Question

In: Chemistry

1) A solution contains 0.353 M potassium nitrite and 0.500 M nitrous acid.   The pH of...

1) A solution contains 0.353 M potassium nitrite and 0.500 M nitrous acid.  

The pH of this solution is ___________ .

2) A solution contains 0.230 M sodium acetate and 0.410 M acetic acid.  

The pH of this solution is ___________ .

3) A solution contains 0.500 M NH4Br and 0.413 M ammonia.  

The pH of this solution is____________ .

4) The compound ethylamine is a weak base like ammonia.
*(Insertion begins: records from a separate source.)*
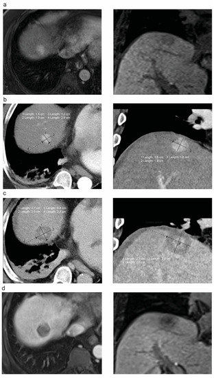 Example of minimal ablative margin assessment in MRI/CT scans of a 67-year-old man with HCC: (a) hepatic contrast-enhanced MRI (left: arterial phase, right: hepatobiliary phase) before MWA treatment; (b) contrast-enhanced planning CT scan (arterial phase) with pre-interventional measurements as performed in our study; (c) contrast-enhanced control CT scan (portal venous phase) after complete tumor ablation with postinterventional measurements; (d) contrast-enhanced follow-up MRI (left: arterial phase; right: hepatobiliary phase) 6 months after MWA with no evidence for local tumor progression.
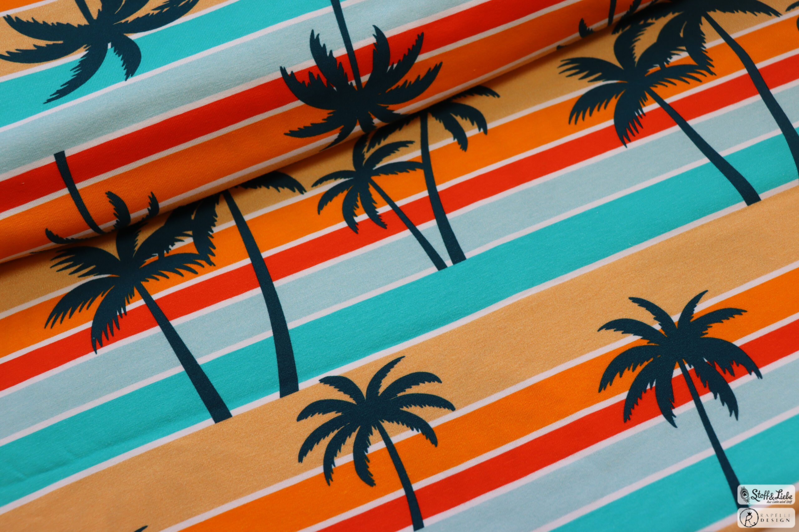 Die Palmen kennt Ihr schon von einem Maus-Design. Aber weil sie hier einfach so herrlich passen, konnten wir nicht widerstehen. Einfach der perfekte Sommerstoff in grandiosen, leuchtenden Farben.
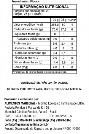 Este produto naturalmente não contém glúten, porém pode conter traços de glúten devido a contaminação cruzada.
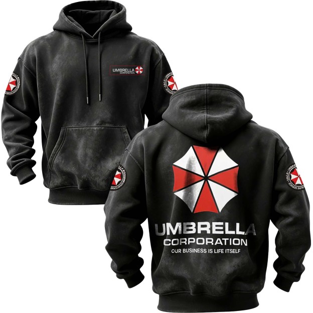 Resident Evil Umbrella Corporation Printed Unisex Washed Hoodie |
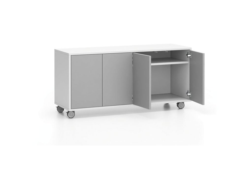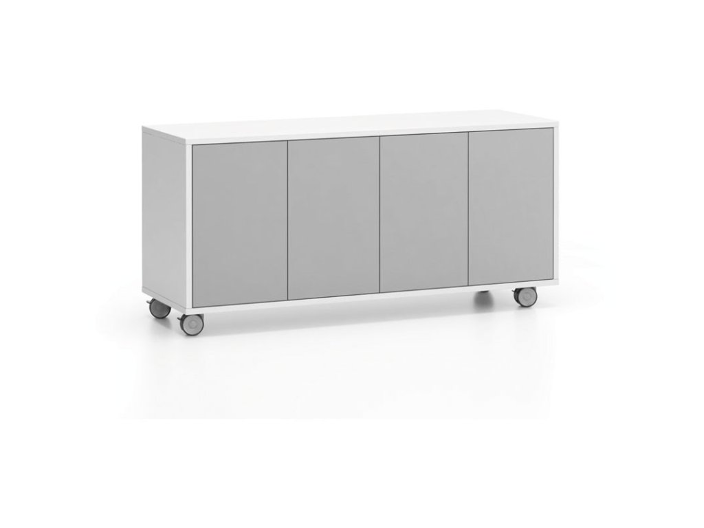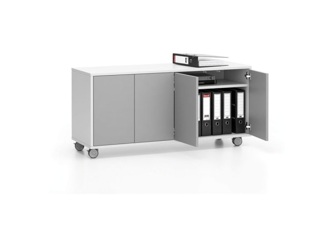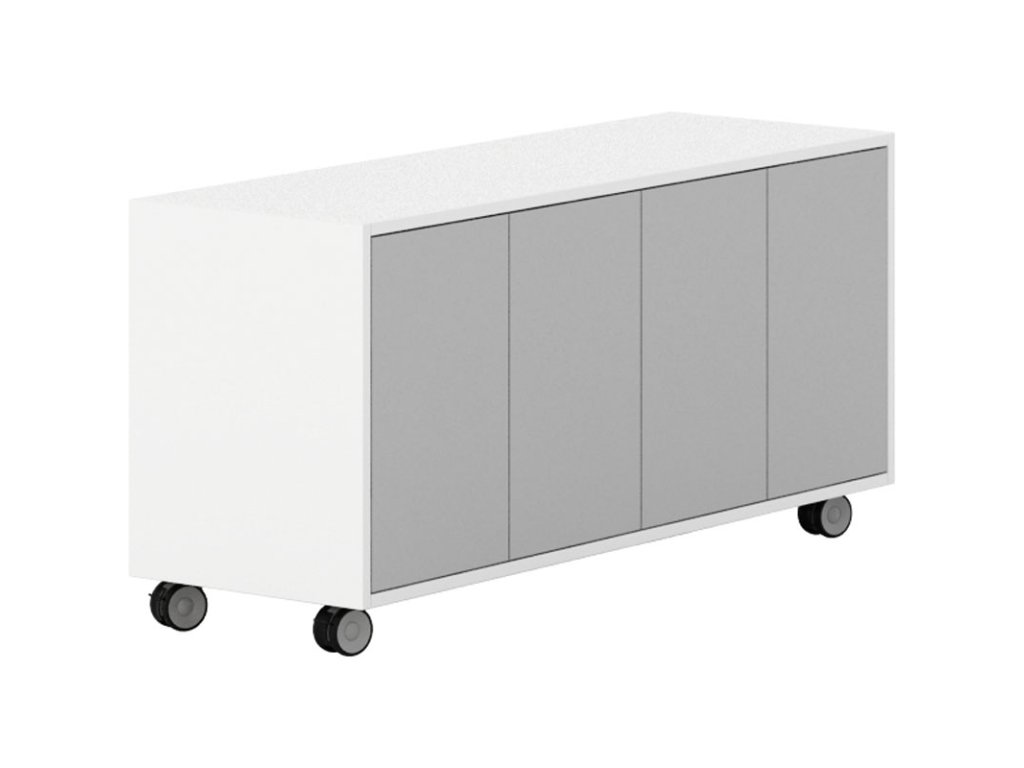 Pojízdná skříňka na kolečkách s dveřmi LAYERS, dlouhá, 1200 x 400 x 575 mm, bílá / šedá
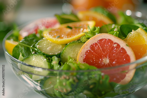 Świeża sałatka w szklanej misce, składająca się z kolorowych składników, takich jak grejpfrut, pomarańcza, ogórek, szpinak i sałata.

A solution contains 0.189 M C2H5NH3+ and 0.135 M ethylamine, C2H5NH2.  

The pH of this solution is __________ .

5) A buffer solution is 0.500 M in HNO2 and 0.335 M in NaNO2. If Ka for HNO2 is 4.5×10-4, what is the pH of this buffer solution?

Solutions

Expert Solution

Question 1.

find pH of KNO2 and HNO2

this is a buffer

A buffer is any type of substance that will resist pH change when H+ or OH- is added.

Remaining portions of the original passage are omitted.